GLM-4.6 — September 2025¶

What Changed¶

Zhipu AI's GLM-4.6 is a 357B-parameter MoE model (32B active per forward pass) released open-weight under MIT license in September 2025. It extends context from 128K (GLM-4.5) to 200K tokens with 128K-token output support — enabling long-form generation at a scale most models cannot match. The GLM family has deep roots in GLM (General Language Model) pretraining, which uses autoregressive blank infilling rather than causal LM or masked LM as the pretraining objective.

Key Technical Details¶

GLM pretraining objective: the model predicts shuffled spans in a document using bidirectional attention for the context and causal attention for each span:

\[ \mathcal{L}_{\text{GLM}} = -\mathbb{E}\left[\sum_{s \in S} \log P_\theta(s \mid x_{\text{corrupt}}, s_{<i})\right] \]
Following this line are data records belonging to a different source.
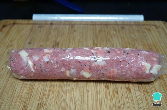 Enrollaremos el rollo de carne picada en film transparente para darle forma de rulo.
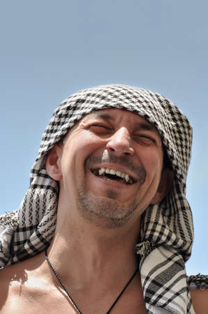 A young man in an Arab handkerchief. The man looks at the camera. On the roof of a house against the background of Arab houses.
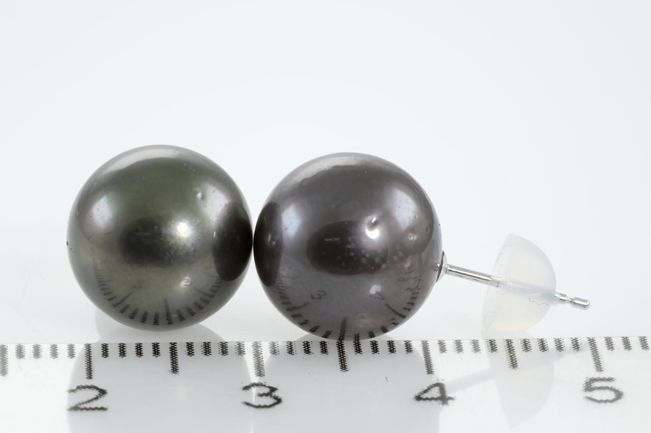 Pearl stud earrings with Tahitian Pearl of 11.2mm and 11.3mm. 14ct white gold (New).
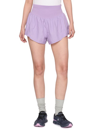 These shorts by FP Movement bring energy with a breezy, performance-ready silhouette. The high-rise waistband offers secure, flattering coverage, while the curved hem with athletic notches ensures maximum leg mobility. Crafted from lightweight, moisture-wicking fabric with built-in briefs for support, they deliver airy comfort for morning runs or studio sessions.
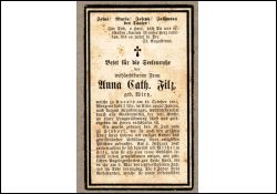 Lungenlähmung; ∞ 2.2.1847 in Sindorf Wilhelm Filz, † 9.5.1880; 2. Seite fehlt |

where \(S\) is the set of masked spans and \(x_{\text{corrupt}}\) is the text with those spans replaced by mask tokens.

In Plain English

GLM unifies the MLM objective (bidirectional context, like BERT) with the autoregressive objective (left-to-right generation within each span, like GPT) in a single pretraining task. The model sees full surrounding context when encoding, but generates each masked span sequentially — training understanding and generation jointly.

Agentic capabilities in GLM-4.6 are enhanced via RL-trained tool use: the model autonomously plans, invokes tools, and coordinates across tool calls without explicit orchestration code.

Technical Details

Architecture: MoE Transformer, 357B total / ~32B active parameters.
Context: 200K input, 128K output — one of the highest output-token limits available.
License: MIT/Apache 2.0 — commercially permissive.
Languages: strong Chinese and English, 24 additional languages.
GLM-Z1: companion reasoning model with "deep thinking" mode.
GLM-4-32B: a dense 32B variant trained on 15T tokens, competitive with much larger models.

Practical Implications¶

128K output enables single-session artifacts (books, large codebases, data dumps) that previously required chunking and stitching — but also raises moderation and storage obligations. MoE serving needs expert-aware batching: not all 357B parameters run per token — monitor routing imbalance. Open weights ease on-prem deployment; still verify license terms for your use case.

Interview Questions

How does the GLM pretraining objective differ from BERT's MLM and GPT's causal LM? What tasks does each objective best prepare the model for?
Why is a 200K output token limit practically significant, and what types of tasks become possible that were not with a 4K output limit?
How does MoE sparsity (32B active out of 357B total) affect per-token inference cost vs. a dense 32B model?

Code Example¶

Illustrative size vs. active parameters comparison (conceptual):

Total parameters:    357B  (all experts stored)
Active per token:    ~32B  (top-K experts per layer)
Dense baseline:      32B   (full FFN every layer — different FLOPs profile)

For integration, use the vendor's OpenAI-compatible or native API as documented for GLM-4.6; set max_tokens with awareness of the 128K output ceiling for long generations.